Question

3. A ball is thrown straight up with an initial velocity of 40 m/s.

Answer 1

Answer:

The velocity at the top of its path will be zero (0)

Explanation:

We can solve this problem or particular situation using the principle of energy conservation.

Which tells us that energy is transformed from kinetic energy to potential energy and vice versa.
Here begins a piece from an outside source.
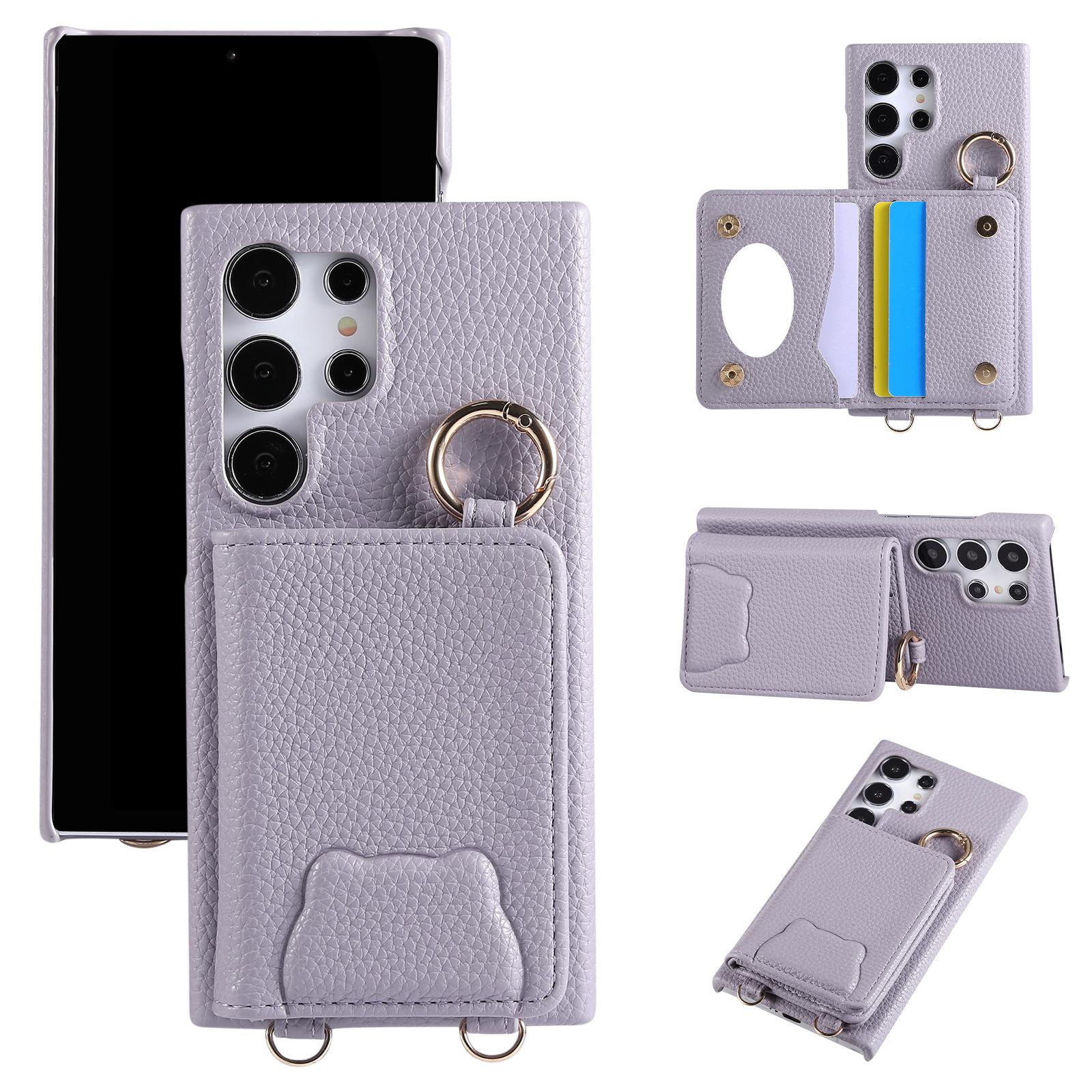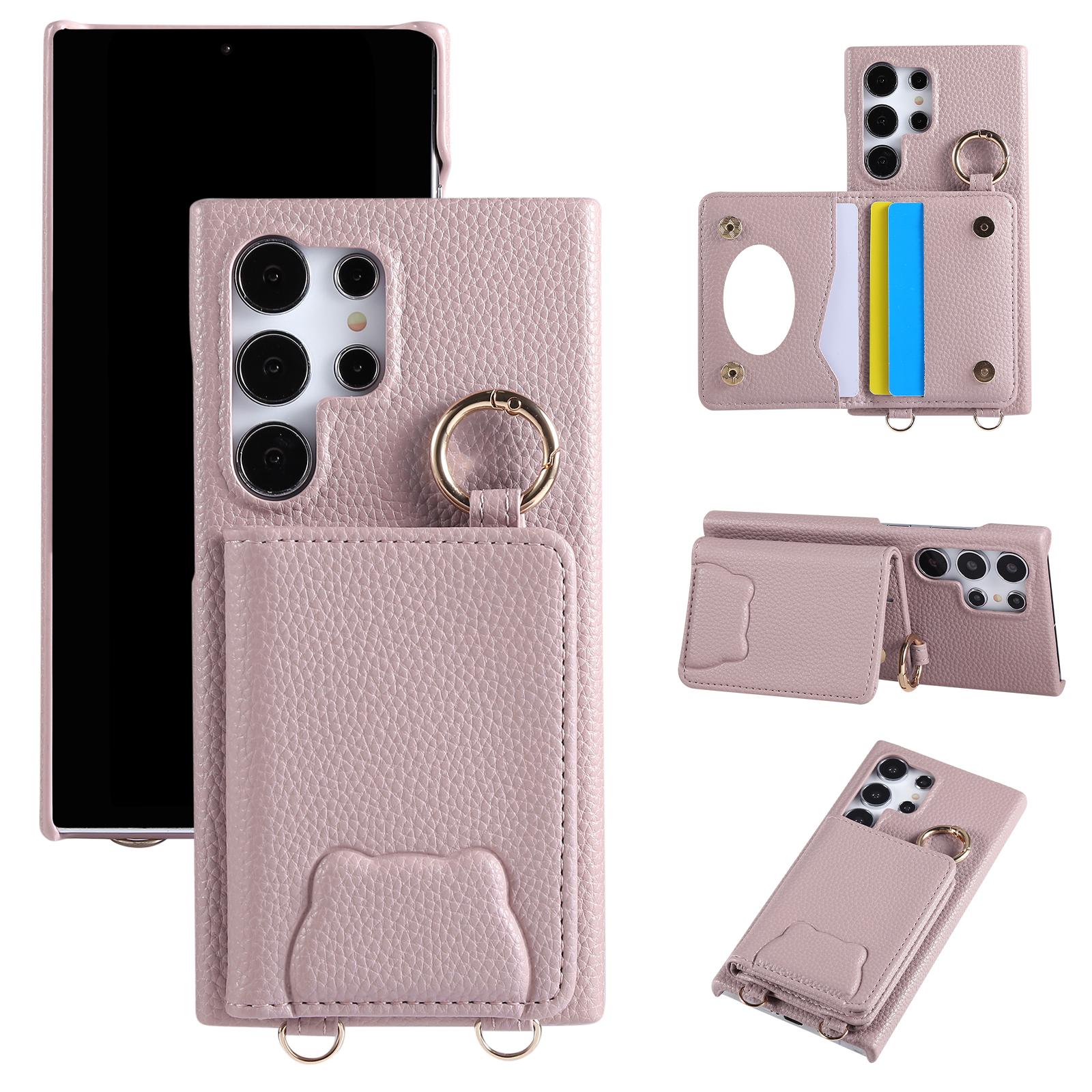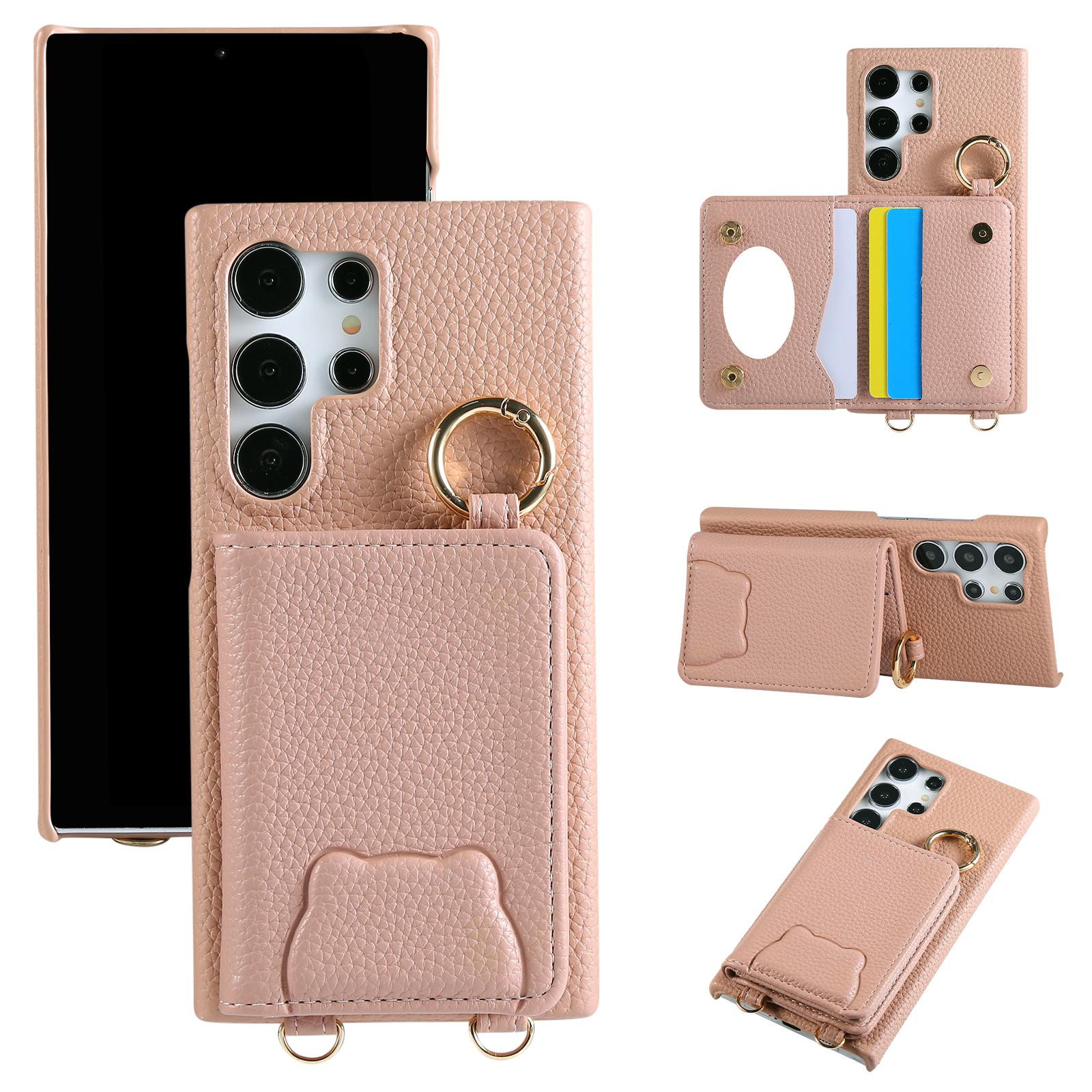 Bear Crossbody Mirror Wallet with Card Holder Phone Case for Samsung Galaxy S25 S24 S23 S22 Ultra Plus S24 FE Back Cover

A reference point should be considered at which the potential energy is zero, and at this point the initial velocity of 40 [m/s] is printed to the ball.

$Ek=Ep\\where:\\Ek=kinetic energy [J]\\Ep=potencial energy [J]$

The potential energy is determined by:

$Ep=m*g*h\\where:\\m=mass of the ball[kg}\\g=gravity[m/s^2]\\h=heigth [m]$

The kinetic energy is determined by:

$Ek=\frac{1}{2}*m*v_{0} ^{2} \\where\\v_{0} = initial velocity[m/s]$

$Ek=Ep\\\frac{1}{2} *m*v_{0} ^{2} =m*9.81*h\\h=\frac{40^{2}}{2*9.81} \\h=81.5[m]$

This will be the maximum path but, its velocity at this point will be zero. Because now all the kinetic energy has been transformed in potential energy.